I'm going through "A First Course in Abstract Algebra," by Fraleigh, and I just started going through the chapters on actions on sets. I came across an exercise that asked about two groups related by a homomorphism and the implications of actions on a set:
Let $\phi:G\rightarrow H$ be a group homomorphism, and let $H$ on act a set $X$. What does this tell us about whether or not $G$ acts on $X$?

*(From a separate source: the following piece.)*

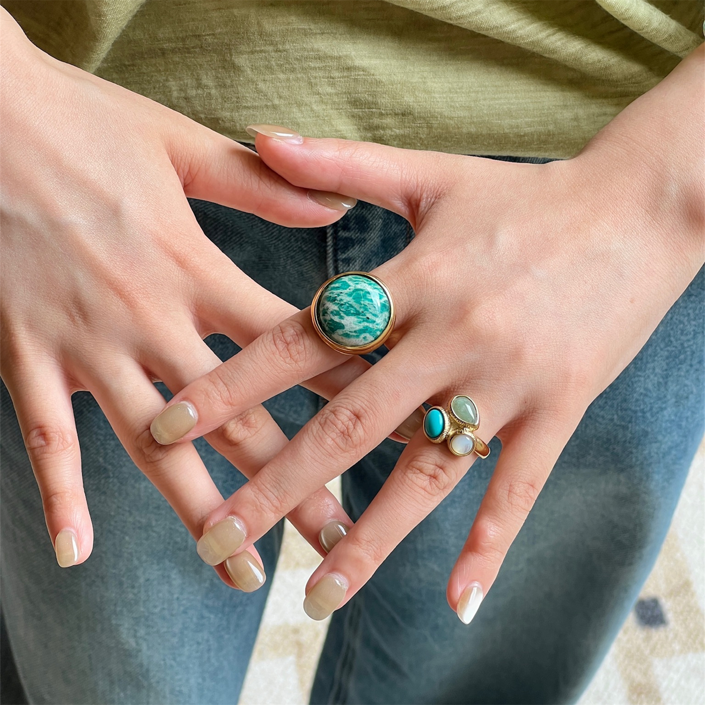 HELENE PRIME 戒指天然石镶嵌食指戒指环法国小众设计师手工制作

I think that it does imply that $G$ acts on $X$ (it seems rather intuitive), and I've attempted to prove it below:
If a set $H$ acts on a set $X$, then we have that:
$(i)$ $\forall x\in X$, $e_Hx=x$
$(ii)$ $(h_1h_2)(x)=h_1(h_2x)$, $\forall x\in X$, $h_1,h_2\in H$
To show $(i)$, we note that $e_H=\phi(e_G)$, which implies that:
$$\phi(e_G)x=x$$
for all $x\in X$.
To show $(ii)$, we note that by the fact that $\phi$ is a homomorphism:
$$\phi(g_1g_2)=\phi(g_1)\phi(g_2)$$
for $g_1,g_2\in G$. We also have that $\phi(g_1)=h_1$, and $\phi(g_2)=h_2$. So:
$$\phi(g_1)\phi(g_2)=\phi(g_1g_2)=(h_1h_2)\rightarrow\phi(g_1g_2)(x)=h_1(h_2x)$$
by substitution into our previous statement. But the RHS is just:
$$h_1(h_2x)=\phi(g_1)\big[\phi(g_2)x\big]$$
so:
$$\rightarrow\phi(g_1g_2)(x)=\phi(g_1)\big[\phi(g_2)x\big]$$
Does this suffice/is there anything that can be made clearer/more concise? It seems like a fairly straightforward exercise, but the way it was phrased makes me a tad skeptical that it truly is that simple. Any advice would be sincerely appreciated. Cheers.

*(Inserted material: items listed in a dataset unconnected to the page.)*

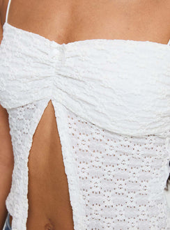 - Straight neckline, elasticated straps, bow detail, split hem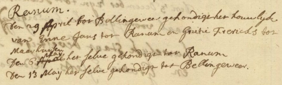 Enne is getrouwd Bellingeweer en Ranum 29-04-1759 met Grietje Freerks, geboren Maarhuizen 1736*, overleden Maarhuizen 04-04-1788*, dochter van Freerk Eijlkes en Grietje Derks*.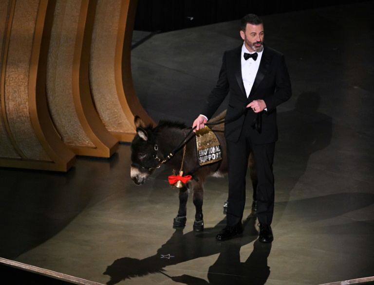 L'un est la star sous stupéfiants du film "Crazy Bear" ("Cocaine Bear" en V.O.), l'autre est le compagnon attendrissant des vedettes irlandaises des "Banshees d'Inisherin": un ours et un âne sont tous les deux montés sur scène dimanche pour une cérémonie bien plus animalière qu'à l'accoutumée.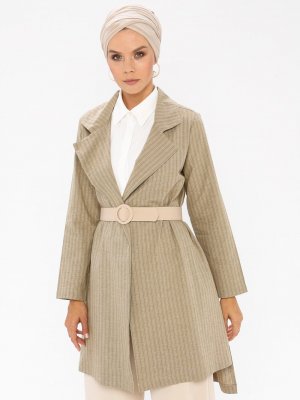 Meryem Acar Açık Haki Şal Yaka Ceket
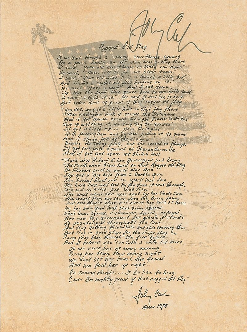 Souvenir printed lyrics to ‘Ragged Old Flag,’ on an off-white 8.5 x 11.5 sheet, signed at the top in black felt tip by Cash. In fine condition, with some light wrinkling.

Your intuition is spot on, and the proof is okay (although I would write all the details to be sure of what's going on).
To be explicit, the action $G \circlearrowright X$ is defined as
$$ g \cdot x := \phi(x) \cdot x, \tag{1} $$
where the second dot means the product in the $H$-action.

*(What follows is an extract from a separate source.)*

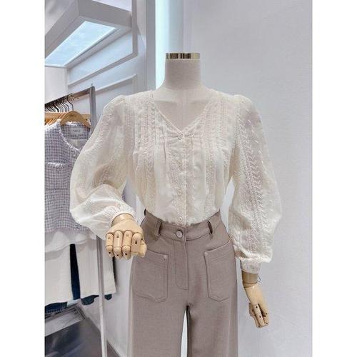 [하프클럽/]페미닌무드 꾸안꾸 펀칭 레이스 브이넥 긴팔 블라우스

As for shorter proofs, if you have seen that actions $H \circlearrowright X$ are in correspondence with group homomorphisms $H \xrightarrow{\alpha} S(X)$ from $H$ to the group of bijections of $X$, then this reasoning reduces to noting that given a morphism $\phi : G \to H$ the composition
$$ G \xrightarrow{\phi} H \xrightarrow{\alpha} S(X) $$
is a group morphism, defining thus an action on $X$.
If you unwind the proof of this correspondence, you will obtain $(1)$ once again.